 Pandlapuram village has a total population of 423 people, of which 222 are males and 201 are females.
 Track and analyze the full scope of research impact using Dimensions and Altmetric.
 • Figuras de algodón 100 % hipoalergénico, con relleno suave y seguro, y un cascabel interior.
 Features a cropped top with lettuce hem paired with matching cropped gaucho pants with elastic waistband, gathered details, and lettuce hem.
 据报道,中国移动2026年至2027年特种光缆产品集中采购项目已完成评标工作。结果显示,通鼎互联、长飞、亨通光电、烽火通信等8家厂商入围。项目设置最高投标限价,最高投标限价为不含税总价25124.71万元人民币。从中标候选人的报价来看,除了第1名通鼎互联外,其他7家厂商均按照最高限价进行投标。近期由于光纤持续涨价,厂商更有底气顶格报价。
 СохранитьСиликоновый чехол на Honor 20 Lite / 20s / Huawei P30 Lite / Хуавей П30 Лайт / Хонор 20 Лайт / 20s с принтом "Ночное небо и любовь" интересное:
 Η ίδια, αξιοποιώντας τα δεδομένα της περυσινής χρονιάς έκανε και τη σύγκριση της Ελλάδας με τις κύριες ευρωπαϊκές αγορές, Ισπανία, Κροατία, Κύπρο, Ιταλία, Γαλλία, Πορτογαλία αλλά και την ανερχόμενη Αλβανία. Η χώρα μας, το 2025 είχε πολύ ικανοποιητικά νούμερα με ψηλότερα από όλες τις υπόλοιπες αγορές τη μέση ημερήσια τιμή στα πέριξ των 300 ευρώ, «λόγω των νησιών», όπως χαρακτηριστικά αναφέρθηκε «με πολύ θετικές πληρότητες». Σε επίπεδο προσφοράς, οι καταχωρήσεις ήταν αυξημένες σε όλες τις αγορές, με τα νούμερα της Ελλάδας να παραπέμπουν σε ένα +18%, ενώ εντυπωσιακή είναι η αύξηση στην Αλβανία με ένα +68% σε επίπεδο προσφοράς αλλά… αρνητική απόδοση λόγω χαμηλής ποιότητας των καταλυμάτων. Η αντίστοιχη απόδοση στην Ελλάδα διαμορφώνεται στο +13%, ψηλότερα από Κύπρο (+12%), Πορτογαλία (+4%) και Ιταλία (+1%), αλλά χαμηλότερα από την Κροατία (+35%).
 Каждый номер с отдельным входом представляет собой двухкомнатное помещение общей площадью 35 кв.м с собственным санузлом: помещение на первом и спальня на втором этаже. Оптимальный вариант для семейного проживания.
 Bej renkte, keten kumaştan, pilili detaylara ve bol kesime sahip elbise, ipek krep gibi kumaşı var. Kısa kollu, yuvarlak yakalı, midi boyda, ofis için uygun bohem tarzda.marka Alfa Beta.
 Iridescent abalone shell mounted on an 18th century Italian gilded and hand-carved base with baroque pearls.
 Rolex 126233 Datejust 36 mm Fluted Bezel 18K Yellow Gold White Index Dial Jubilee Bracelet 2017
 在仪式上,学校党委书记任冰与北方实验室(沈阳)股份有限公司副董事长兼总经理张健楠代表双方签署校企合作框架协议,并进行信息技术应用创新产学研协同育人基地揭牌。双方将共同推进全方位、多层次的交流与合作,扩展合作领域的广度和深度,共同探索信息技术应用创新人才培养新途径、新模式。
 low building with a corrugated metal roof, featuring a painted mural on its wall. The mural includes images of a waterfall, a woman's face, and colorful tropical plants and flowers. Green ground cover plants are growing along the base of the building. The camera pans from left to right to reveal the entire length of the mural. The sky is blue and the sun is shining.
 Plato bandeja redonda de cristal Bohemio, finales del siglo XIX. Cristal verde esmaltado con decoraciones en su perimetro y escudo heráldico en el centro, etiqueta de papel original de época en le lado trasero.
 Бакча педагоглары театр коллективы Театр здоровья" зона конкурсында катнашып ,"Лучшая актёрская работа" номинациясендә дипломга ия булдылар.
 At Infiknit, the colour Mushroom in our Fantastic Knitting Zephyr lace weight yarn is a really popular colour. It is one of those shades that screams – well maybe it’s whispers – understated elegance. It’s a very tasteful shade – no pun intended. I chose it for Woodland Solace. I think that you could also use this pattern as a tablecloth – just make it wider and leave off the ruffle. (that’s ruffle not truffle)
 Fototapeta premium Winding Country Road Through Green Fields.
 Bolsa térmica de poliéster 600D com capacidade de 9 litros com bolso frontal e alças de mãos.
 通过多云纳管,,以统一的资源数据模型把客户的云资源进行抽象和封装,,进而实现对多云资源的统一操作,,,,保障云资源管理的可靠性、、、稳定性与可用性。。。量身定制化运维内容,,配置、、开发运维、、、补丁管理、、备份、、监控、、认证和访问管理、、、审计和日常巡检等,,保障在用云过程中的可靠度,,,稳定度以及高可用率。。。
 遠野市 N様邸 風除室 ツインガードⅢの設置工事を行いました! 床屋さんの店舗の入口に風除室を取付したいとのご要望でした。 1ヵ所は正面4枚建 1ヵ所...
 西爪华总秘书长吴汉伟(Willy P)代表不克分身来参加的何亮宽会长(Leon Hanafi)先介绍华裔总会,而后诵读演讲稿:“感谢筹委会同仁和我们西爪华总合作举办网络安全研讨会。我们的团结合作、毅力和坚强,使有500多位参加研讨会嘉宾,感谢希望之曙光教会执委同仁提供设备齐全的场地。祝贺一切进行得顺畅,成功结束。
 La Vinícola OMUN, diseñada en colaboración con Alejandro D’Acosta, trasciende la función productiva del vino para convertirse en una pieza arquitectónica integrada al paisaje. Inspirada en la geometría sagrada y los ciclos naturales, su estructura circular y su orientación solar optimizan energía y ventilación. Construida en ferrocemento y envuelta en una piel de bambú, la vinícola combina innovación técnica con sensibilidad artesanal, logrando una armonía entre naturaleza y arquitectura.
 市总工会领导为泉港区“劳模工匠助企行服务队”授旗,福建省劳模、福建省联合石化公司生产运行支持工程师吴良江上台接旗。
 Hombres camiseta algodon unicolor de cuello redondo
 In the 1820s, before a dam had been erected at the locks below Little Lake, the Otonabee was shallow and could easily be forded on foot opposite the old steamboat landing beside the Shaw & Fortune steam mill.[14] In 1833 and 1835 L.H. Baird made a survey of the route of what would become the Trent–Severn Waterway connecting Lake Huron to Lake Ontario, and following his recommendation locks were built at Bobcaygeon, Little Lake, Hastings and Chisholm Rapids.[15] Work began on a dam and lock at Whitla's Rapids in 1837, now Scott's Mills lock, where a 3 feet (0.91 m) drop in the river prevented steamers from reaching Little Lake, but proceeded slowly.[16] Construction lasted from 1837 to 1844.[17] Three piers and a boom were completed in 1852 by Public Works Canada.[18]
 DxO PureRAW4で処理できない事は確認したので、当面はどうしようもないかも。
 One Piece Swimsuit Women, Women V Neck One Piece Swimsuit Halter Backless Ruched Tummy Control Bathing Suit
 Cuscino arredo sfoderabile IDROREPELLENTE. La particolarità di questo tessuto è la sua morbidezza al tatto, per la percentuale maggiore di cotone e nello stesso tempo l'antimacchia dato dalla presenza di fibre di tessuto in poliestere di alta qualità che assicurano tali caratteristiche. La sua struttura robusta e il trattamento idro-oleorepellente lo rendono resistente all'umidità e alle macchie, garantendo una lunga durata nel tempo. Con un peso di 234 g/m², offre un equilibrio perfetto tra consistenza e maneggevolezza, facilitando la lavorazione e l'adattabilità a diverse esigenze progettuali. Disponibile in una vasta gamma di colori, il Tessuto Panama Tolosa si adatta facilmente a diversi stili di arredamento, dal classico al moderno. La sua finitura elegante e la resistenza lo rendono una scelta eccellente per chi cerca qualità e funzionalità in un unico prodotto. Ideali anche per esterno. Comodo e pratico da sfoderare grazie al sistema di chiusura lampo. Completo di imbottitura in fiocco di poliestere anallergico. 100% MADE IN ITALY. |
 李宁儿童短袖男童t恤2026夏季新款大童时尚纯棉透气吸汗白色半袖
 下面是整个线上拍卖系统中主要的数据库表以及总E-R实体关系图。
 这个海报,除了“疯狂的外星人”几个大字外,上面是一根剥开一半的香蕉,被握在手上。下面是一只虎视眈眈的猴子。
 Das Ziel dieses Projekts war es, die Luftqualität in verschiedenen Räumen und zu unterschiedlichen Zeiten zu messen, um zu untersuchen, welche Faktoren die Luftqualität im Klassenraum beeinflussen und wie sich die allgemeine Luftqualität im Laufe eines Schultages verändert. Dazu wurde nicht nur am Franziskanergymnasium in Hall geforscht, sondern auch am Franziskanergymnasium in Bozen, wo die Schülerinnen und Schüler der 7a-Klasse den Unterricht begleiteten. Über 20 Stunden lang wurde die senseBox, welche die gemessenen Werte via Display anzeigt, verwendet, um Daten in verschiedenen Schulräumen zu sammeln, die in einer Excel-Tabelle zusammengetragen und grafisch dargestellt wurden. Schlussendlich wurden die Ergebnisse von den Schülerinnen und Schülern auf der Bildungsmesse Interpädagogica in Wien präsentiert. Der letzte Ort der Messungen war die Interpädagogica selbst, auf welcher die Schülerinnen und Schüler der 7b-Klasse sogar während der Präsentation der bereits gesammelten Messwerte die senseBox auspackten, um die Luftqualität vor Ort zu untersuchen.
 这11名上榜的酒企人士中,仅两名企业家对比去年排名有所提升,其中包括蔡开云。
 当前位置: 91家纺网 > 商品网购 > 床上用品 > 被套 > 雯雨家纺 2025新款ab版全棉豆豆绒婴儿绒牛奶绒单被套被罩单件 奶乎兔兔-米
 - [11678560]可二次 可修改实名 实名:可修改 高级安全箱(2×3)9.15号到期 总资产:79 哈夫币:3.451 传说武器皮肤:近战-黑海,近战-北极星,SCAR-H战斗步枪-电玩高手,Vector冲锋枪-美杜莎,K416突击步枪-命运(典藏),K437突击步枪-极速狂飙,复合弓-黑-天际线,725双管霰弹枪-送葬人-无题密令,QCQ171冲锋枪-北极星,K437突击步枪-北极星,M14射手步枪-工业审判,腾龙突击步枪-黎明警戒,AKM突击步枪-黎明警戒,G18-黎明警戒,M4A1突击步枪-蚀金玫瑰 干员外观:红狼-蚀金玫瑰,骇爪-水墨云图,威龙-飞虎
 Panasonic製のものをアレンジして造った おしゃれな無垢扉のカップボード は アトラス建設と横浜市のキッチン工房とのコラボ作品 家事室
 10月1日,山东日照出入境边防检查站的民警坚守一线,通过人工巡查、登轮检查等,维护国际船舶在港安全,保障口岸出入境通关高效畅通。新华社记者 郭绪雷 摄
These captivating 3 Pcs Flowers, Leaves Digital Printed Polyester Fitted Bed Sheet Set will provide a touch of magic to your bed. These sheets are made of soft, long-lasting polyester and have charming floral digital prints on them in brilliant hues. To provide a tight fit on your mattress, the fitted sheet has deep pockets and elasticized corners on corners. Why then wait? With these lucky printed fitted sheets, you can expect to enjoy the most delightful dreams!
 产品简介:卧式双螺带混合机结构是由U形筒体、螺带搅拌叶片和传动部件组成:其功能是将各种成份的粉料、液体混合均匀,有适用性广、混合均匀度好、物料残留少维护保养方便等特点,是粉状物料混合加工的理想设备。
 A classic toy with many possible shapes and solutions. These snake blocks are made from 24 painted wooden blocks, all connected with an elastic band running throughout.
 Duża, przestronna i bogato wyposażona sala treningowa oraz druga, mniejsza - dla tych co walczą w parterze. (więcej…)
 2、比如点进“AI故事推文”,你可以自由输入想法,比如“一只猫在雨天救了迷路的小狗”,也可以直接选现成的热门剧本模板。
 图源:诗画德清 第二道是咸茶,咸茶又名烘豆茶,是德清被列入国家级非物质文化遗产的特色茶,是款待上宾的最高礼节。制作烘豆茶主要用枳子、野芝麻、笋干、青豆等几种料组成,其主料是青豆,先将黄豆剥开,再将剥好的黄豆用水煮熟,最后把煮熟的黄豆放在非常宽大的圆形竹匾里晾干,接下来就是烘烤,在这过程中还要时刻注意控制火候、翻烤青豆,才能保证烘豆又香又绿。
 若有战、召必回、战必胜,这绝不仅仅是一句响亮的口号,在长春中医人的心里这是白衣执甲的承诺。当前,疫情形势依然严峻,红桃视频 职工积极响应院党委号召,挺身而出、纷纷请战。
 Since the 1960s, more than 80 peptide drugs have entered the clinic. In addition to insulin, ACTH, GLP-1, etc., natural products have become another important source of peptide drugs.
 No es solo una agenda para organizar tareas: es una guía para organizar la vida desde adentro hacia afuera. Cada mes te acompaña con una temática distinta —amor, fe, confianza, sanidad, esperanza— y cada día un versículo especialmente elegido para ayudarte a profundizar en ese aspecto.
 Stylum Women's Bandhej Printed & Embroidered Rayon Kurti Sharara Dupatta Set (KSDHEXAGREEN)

## [What to work on]
Copy every line from the records above that contains the word "painted".

## [Task output]
 low building with a corrugated metal roof, featuring a painted mural on its wall. The mural includes images of a waterfall, a woman's face, and colorful tropical plants and flowers. Green ground cover plants are growing along the base of the building. The camera pans from left to right to reveal the entire length of the mural. The sky is blue and the sun is shining.
 A classic toy with many possible shapes and solutions. These snake blocks are made from 24 painted wooden blocks, all connected with an elastic band running throughout.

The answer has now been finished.